For LLM agents, the framework supports hierarchical agent configurations and prompt-based task decomposition, allowing for the evaluation of agents' ability to interpret and execute high-level strategic instructions.
Evaluation Metrics
Recognizing the inadequacy of win rate as a sole metric, HLSMAC introduces scenario-specific metrics:
- Target Proximity Frequency (TPF): Measures how often allied units approach critical targets.
- Target Directional Alignment (TDA): Quantifies the alignment of unit movement with optimal strategic paths.
- Ability Utilization Frequency (AUF): Tracks the purposeful use of special abilities.
- Critical Target Damage (CTD): Assesses damage dealt to key objectives.
- Unit Survival Rate (USR): Evaluates preservation of allied forces.
These metrics are computed from replay data and are scenario-dependent, providing multidimensional insight into agent behavior.
Experimental Results
Comprehensive evaluation of 21 MARL algorithms and GPT-3.5-based LLM agents reveals several key findings:
- Difficulty: Nearly 80% of algorithm-scenario combinations achieve zero win rates, indicating the substantial challenge posed by HLSMAC (Figure 4).
- Strategic Failure: High win rates do not guarantee strategic compliance; agents often succeed via unintended behaviors, as revealed by replay analysis (Figures 9–11).
- Metric Correlation: R2 analysis shows that CTD, TPF, and USR correlate strongly with win rate, while AUF is effective for distinguishing human-like purposeful ability usage from aimless execution (Figure 5).
- LLM Limitations: LLM agents fail to solve scenarios, demonstrating limited tactical awareness and inability to generate effective action sequences.
Figure 4: Win Rates Across 21 MARL Baselines on the 12 HLSMAC Scenarios; most algorithms fail on the majority of scenarios.
Figure 5: R2 Analysis of Win Rate Correlation with Evaluation Metrics; CTD, TPF, and USR are most predictive.
Figure 6: Replay snapshots of dTAPE on sdjx and RESZ on wwjz, illustrating stratagem-aligned execution.
Figure 7: Replay snapshots of RIIT on adcc and DOP on swct, showing non-stratagem behaviors and repetitive ability usage.
Figure 8: Replay snapshots of CWQMIX on fkwz and VMIX on gmzz, highlighting aimless ability execution versus human strategic use.
Implications and Future Directions
HLSMAC establishes a new standard for evaluating multi-agent strategic intelligence, shifting the focus from micromanagement to high-level reasoning. The benchmark exposes the limitations of current MARL and LLM-based methods, which struggle to generalize, interpret, and execute complex strategies. The multidimensional metrics provide a richer framework for analysis, enabling the identification of behaviors aligned with human strategic principles.
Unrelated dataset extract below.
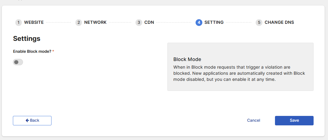 You can later enable the Block Mode in Dashboard when you are confident that the traffic flow is stable and the legitimate traffic is not falsely blocked as attacks.
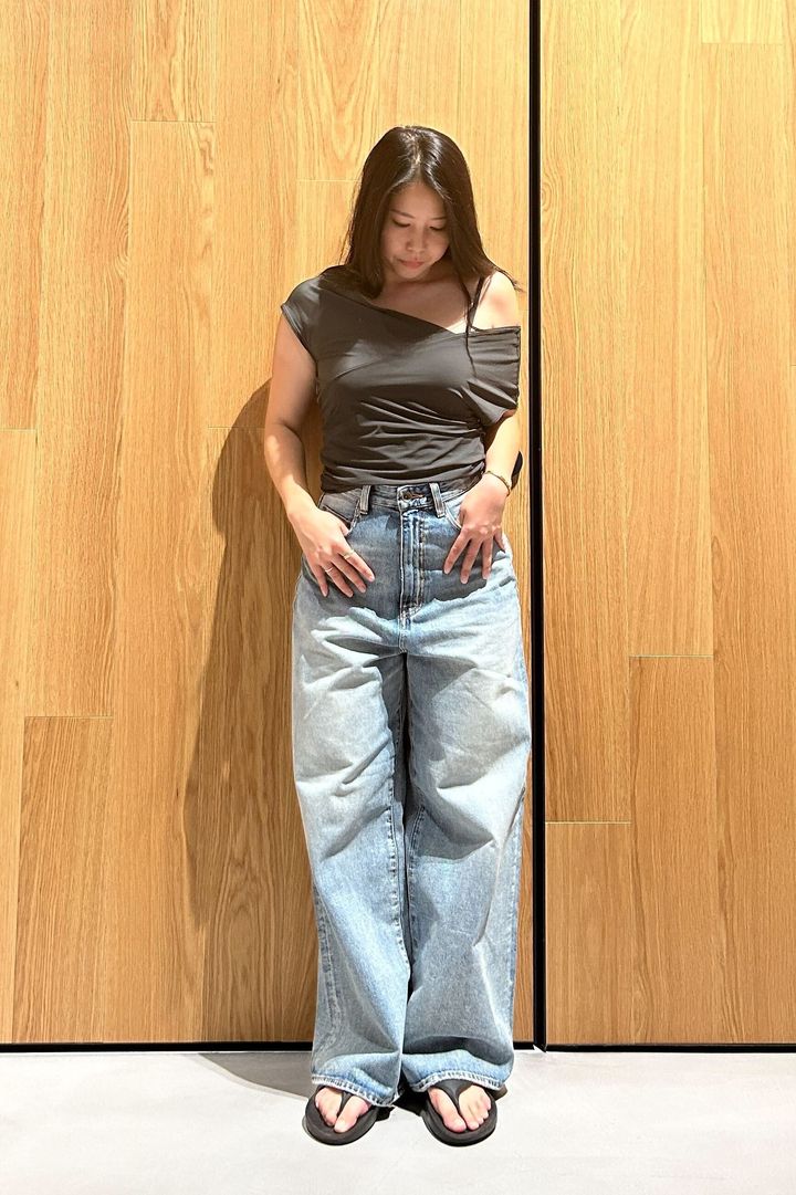 エディターは、黒の2WAYトップス×淡めのワイドデニムを合わせたカジュアルなスタイリングにしてみた。2WAY仕様のトップスは、Vネックとして着ると、ちょうどジーンズの上にくる絶妙な丈感に。

Practically, HLSMAC can drive the development of algorithms that incorporate explicit reasoning, hierarchical planning, and knowledge integration. Theoretically, it motivates research into the representation and learning of abstract strategies, the transfer of human knowledge, and the design of environments that require compositional and causal reasoning.
Future work should explore automated scenario generation, curriculum learning for strategic skills, and the development of specialized architectures capable of leveraging the structure and semantics of strategic tasks. The integration of LLMs with symbolic reasoning and planning modules may be necessary to overcome current limitations.
Conclusion
HLSMAC provides a rigorous, strategically rich benchmark for multi-agent learning, systematically integrating classical human strategic wisdom into StarCraft II scenarios. The environment, metrics, and experimental results collectively demonstrate the inadequacy of current methods and the necessity for new approaches to strategic decision-making. HLSMAC is positioned to catalyze advances in both algorithmic development and the theoretical understanding of multi-agent strategic intelligence.